With Inferentia, the shape of every input must be fixed at compile time. For applications that require multiple input sizes, we recommend using padding or bucketing techniques. Padding requires you to compile your model with the largest expected input size and pad every input to this maximum size. If the performance of your model using padding is not within your targets, you can consider implementing bucketing.

This guide introduces bucketing, a technique to run inference on inputs with variable shapes on Inferentia. The following sections explain how bucketing can improve the performance of inference workloads on Inferentia. It covers an overview of how bucketing works and provides examples of using bucketing in computer vision and natural language processing applications.

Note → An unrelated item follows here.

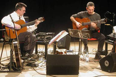 Jogo de Cordas Il Duo è stato invitato dall'organizzazione delle Olimpiadi Invernali Torino 2006 a rappresentare il jazz pedemontano esibendosi al Medals Plaza di Piazza Castello a Torino. E' stato anche recentemente invitato ad aprire il I° Festival di Chitarra acustica e folk in Friuli, al 4° festival Brasiliano di Bologna, alla rassegna internazionale di Lerici 'Chitarre nel Golfo dei Poeti' all'Acoustic Guitar 9th International Meeting 2006 di Sarzana, al X° Festival chitarristico della Valle Ossola, al Sant¹elpidio Jazz Festival 2006 e alla 2° edizione del Rivarolo Guitar Jazz Festival. Questo progetto permette di ascoltare in veste nuova e originale i due artisti, che si presentano con un repertorio che fonde e integra le loro diverse connotazioni stilistiche maturate in esperienze artistiche differenti ma affini. Il loro interesse reciproco per la musica brasiliana, la musica jazz, la melodia mediterranea e i ritmi inusuali, ha permesso questo connubio e la realizzazione di un repertorio in cui la scelta e l¹esecuzione dei brani fa emergere le diverse personalità espressive, sia compositive e di arrangiamento che improvvisative La sonorità del duo è basata sui contrasti degli strumenti impiegati, con l¹abbinamento di sonorità sia acustiche che elettriche. La musica eseguita ha connotazioni mediterranee, jazz e latine e presenta composizioni scritte da Tessarollo e Taufic per due chitarre e alcuni arrangiamenti di melodie di noti compositori tra i quali Gerswhin, Lobo, Parker e Diaz. Il concerto vedrà la presentazione del primo lavoro discografico del Duo : il cd 'Jogo de Cordas', uscito a Maggio per l'etichetta discografica Velut Luna. Note di copertina di Stefano Bollani La chitarra è uno strumento nato prima del pianoforte, questo bisogna riconoscerlo. Non foss¹altro che per questo, i pianisti sono tenuti a portare rispetto ai Maestri della chitarra. Per questo motivo indosso un cappello, unicamente per potermelo poi prosaicamente togliere di fronte a Tessarollo e Taufic che in questo disco invece di scontrarsi si incontrano per creare bella musica. Il contrario esatto di quello che hanno fatto molti musicisti jazz nel passato, che suonavano insieme spesso per il gusto di scoprire chi dei due avrebbe surclassato l' altro. Incredibile, insomma, soprattutto per chi conosce lo smisurato ego che accompagna solitamente la figura del chitarrista...! Che Tessarollo e Taufic vadano così ad inaugurare una tradizione? Speriamo di no, onestamente: difficile ripetere una trovata del genere se non si ha la sensibilità e la voglia di mettersi in discussione dei due che state per ascoltare. SUNO E' di origine preromana, ubicato sull'antica Via Francigena. Da visitare la Chiesa di S. Genesio, quella della Madonna della Neve con affreschi di fine '400 e l'Oratorio di S.Pietro dall'insolita pianta esagonale. Situato nella zona delle Colline Novaresi, vi si producono rinomati vini bianchi e rossi (da non perdere il "Môt Ziflon"!), oltre a gustosi salumi, deliziosa pasticceria e un delicato miele. Curiosità: a Suno esiste ed è possibile visitare un Osservatorio Astronomico costruito nel 1975, con telescopio riflettore del diametro di 40 cm. |

Applications that benefit from bucketing

Bucketing refers to compiling your model multiple times with different target input shapes to create “bucketed models.” Creating bucketed models provides an overview on selecting the input shapes that you use to create bucketed models. At inference time, each input is padded until its shape matches the next largest bucket shape. The padded input is then passed into the corresponding bucketed model for inference. By compiling the same model with multiple different input shapes, the amount of input padding is reduced compared to padding every input to the maximum size in your dataset. This technique minimizes the compute overhead and improves inference performance compared to padding every image to the maximum shape in your dataset.

Bucketing works best when multiple different bucketed models are created to efficiently cover the full range of input shapes. You can fine-tune the model performance by experimenting with different bucket sizes that correspond to the distribution of input shapes in your dataset.

Bucketing can only be used if there is an upper bound on the shape of the inputs. If necessary, an upper bound on the input shape can be enforced using resizing and other forms of preprocessing.

The upper bound on the number of bucketed models that you use is dictated by the total size of the compiled bucketed models. Each Inferentia chip has 8GB of DRAM, or 2GB of DRAM per NeuronCore. An inf1.xlarge and inf1.2xlarge have 1 Inferentia chip, an inf1.6xlarge has 4 Inferentia chips, and an inf1.24xlarge has 16 Inferentia chips. Thus, you should limit the total size of all bucketed models to around 8GB per Inferentia chip or 2GB per NeuronCore. The following formula provides an approximation for the number of compiled bucketed models you can fit on each NeuronCore:

number-of-buckets = round(10^9 / number-of-weights-in-model)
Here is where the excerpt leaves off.